The idea is to redefine the __class__ of the instance, changing it to be a new class of our choosing, and add the original value of __class__ to inst.__bases__ (along with the __bases__ of the new type). Additionally, we copy the __dict__ of the new type into the instance. This sounds fairly crazy and probably is, but in the little bit of testing I did with it, it seemed to (mostly) actually work:

class MagicThread(object):
    def magic_method(self):
        print("This method is magic")


t = Thread()
m = retype_instance(t, MagicThread)
print m.__class__
print type(m)
print type(m).__mro__
print isinstance(m, Thread)
print dir(m)
m.magic_method()
print t.is_alive()
print t.name
print isinstance(m, MagicThread)

Output:

<class '__main__.MagicThread'>
<class '__main__.MagicThread'>
(<class '__main__.MagicThread'>, <class 'threading.Thread'>, <class 'threading._Verbose'>, <type 'object'>)
True
['_Thread__args', '_Thread__block', '_Thread__bootstrap', '_Thread__bootstrap_inner', '_Thread__daemonic', '_Thread__delete', '_Thread__exc_clear', '_Thread__exc_info', '_Thread__ident', '_Thread__initialized', '_Thread__kwargs', '_Thread__name', '_Thread__started', '_Thread__stderr', '_Thread__stop', '_Thread__stopped', '_Thread__target', '_Verbose__verbose', '__class__', '__delattr__', '__dict__', '__doc__', '__format__', '__getattribute__', '__hash__', '__init__', '__module__', '__new__', '__reduce__', '__reduce_ex__', '__repr__', '__setattr__', '__sizeof__', '__str__', '__subclasshook__', '__weakref__', '_block', '_note', '_reset_internal_locks', '_set_daemon', '_set_ident', 'daemon', 'getName', 'ident', 'isAlive', 'isDaemon', 'is_alive', 'join', 'magic_method', 'name', 'run', 'setDaemon', 'setName', 'start']
This method is magic
False
Thread-1
False

All of that output is exactly as we'd like, except for the last line - isinstance(m, MagicThread) is False. This is because we didn't actually assign __class__ to the MagicMethod class we defined. Instead, we created a separate class with the same name and all the same methods/attributes.

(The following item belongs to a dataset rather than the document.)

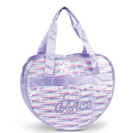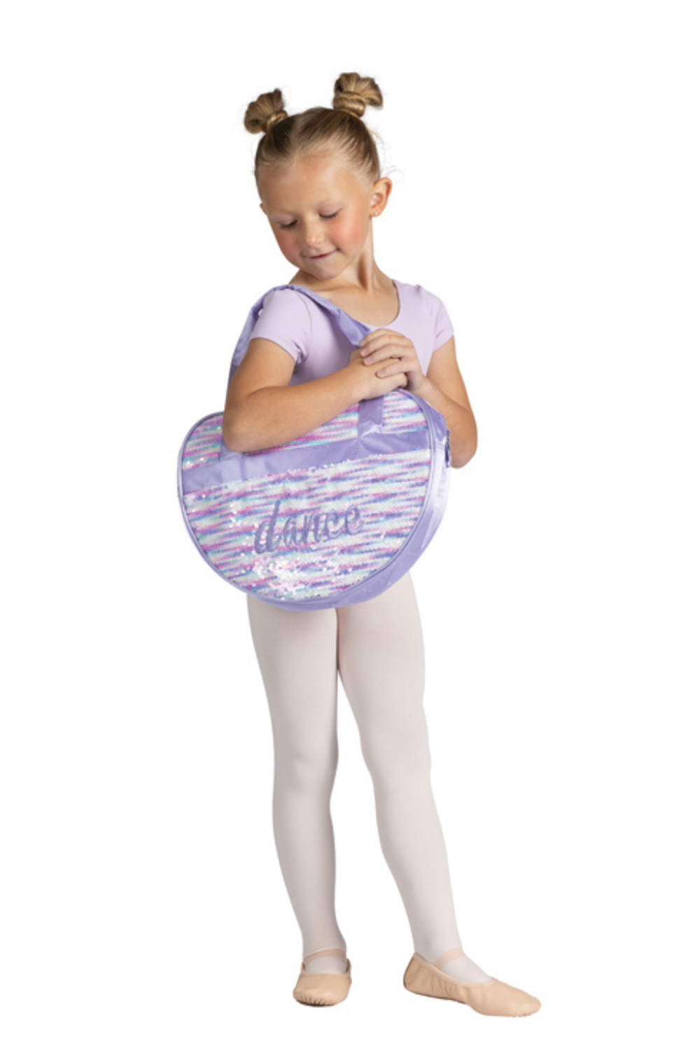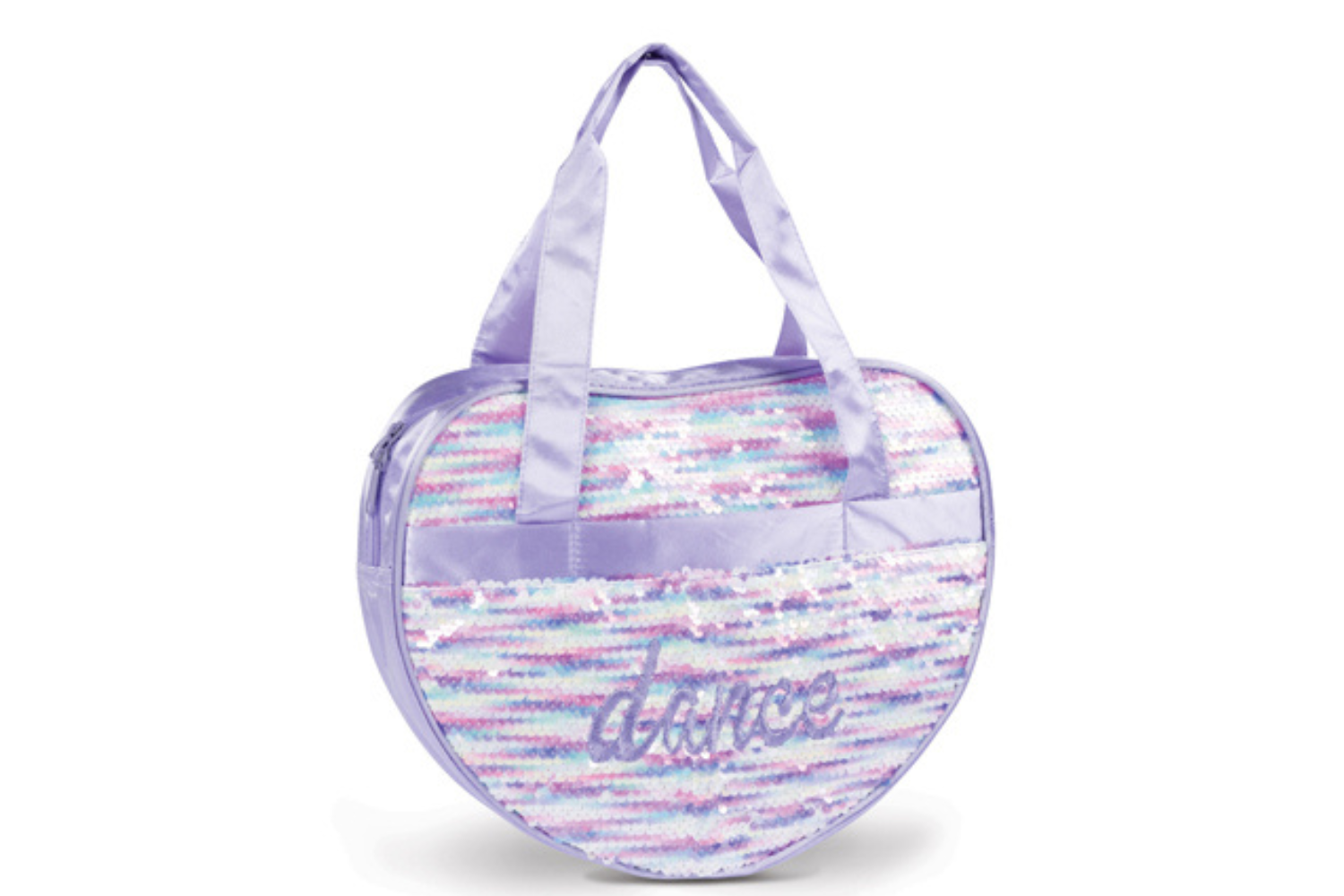Adorable lavender shimmering sequined heart tote, the sweetest dance bag for any young dancer.

Ideally this could be addressed by actually redefining the __bases__ of MagicThread inside retype_instance, but Python won't allow this:

TypeError: __bases__ assignment: 'Thread' deallocator differs from 'object'

This appears to be a bug in Python dating all the way back to 2003. It hasn't been fixed yet, probably because dynamically redefining __bases__ on an instance is a strange and probably bad idea!

Now, if you don't care about being able to use isinstance(obj, ColliderGraph), the above might work for you. Or it might fail in strange, unexpected ways. I really wouldn't recommend using this in any production code, but I figured I'd share it.